The girl reached out to put a hand on Kandler, but seeing the black glow still on her fingers he pulled his arm away. “If you leave to help her, I’ll surrender myself to Greffykor,” she said.

Kandler hesitated. He couldn’t let Esprë give herself up to the silver dragon. To do so would be certain death for her, but he couldn’t just wait and listen while the red dragon made Sallah the first victim of a murderous rampage.

Something rumbled in Greffykor’s chest, and it sounded like the thunder of an approaching storm. “You should listen to the girl,” he said.

Kandler spun on the dragon. “You’re just worried about your damned observatory.” He raised his sword to strike. He refused to give Esprë up without a fight.

Burch’s crossbow twanged, and a bolt whizzed past Kandler’s shoulder. The dragon raised its snout, and the bolt glanced off his teeth. Then the creature pursed his lips and blew.
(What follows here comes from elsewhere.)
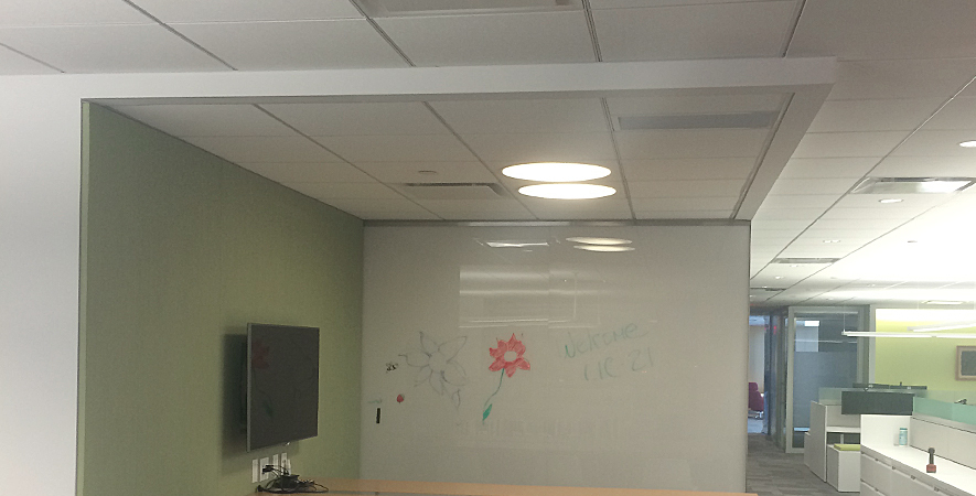 Drywall, acoustical ceilings, curved soffits, axiom trim
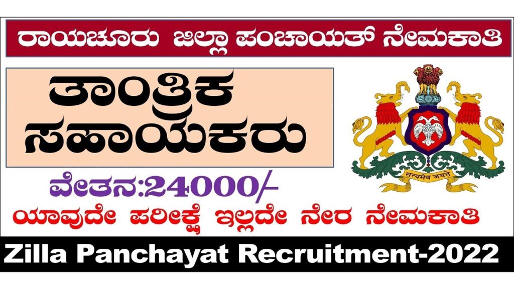 ರಾಯಚೂರು ಗ್ರಾಮಾಂತರ ಜಿಲ್ಲಾ ಪಾಂಚಾಯಿತಿ ಯಲ್ಲಿತಾಂತ್ರಿಕ ಸಹಾಯಕ ಹುದ್ದೆಗಳಿಗೆ ಅರ್ಜಿ ಆಹ್ವಾನ

A blast of arctic air burst between the dragon’s teeth. Kandler dodged to the side to avoid it, and it passed straight over his head in a white cone of wind.

The air above the justicar froze. Snowflakes crystallized out of nowhere and cascaded down onto his face. The dragon’s breath missed him, though, and the snowflakes melted as they touched down on his skin.

Kandler rolled to his feet and glanced behind him. He saw that he hadn’t been the dragon’s target after all.

A frost-rimed Burch knelt on the floor, curled around his knees, his empty crossbow on the floor beside him. The frozen weapon had broken when it struck the hard, stone floor, its bow snapped in half.

At first, Kandler thought his friend might be dead. Then he heard the chattering of the shifter’s teeth and saw him shivering as his body fought the dreadful cold.

Kandler took a half step back and prepared to launch himself at the dragon. It was a hopeless fight, he knew, but he hoped that he might be able to at least give the beast some sort of scar to remember him by.

Then something icy seized the justicar’s sword arm. He yelped in surprise, and that emotion turned to horror as he saw Esprë’s slim fingers there on his forearm, her hands glowing black.

Kandler tried to pull away from the girl, but his limbs refused to respond. The power of Esprë’s dragonmark had paralyzed him. There was nothing he could do now but wait for his daughter to end his life.

From somewhere above, Kandler heard Sallah scream again.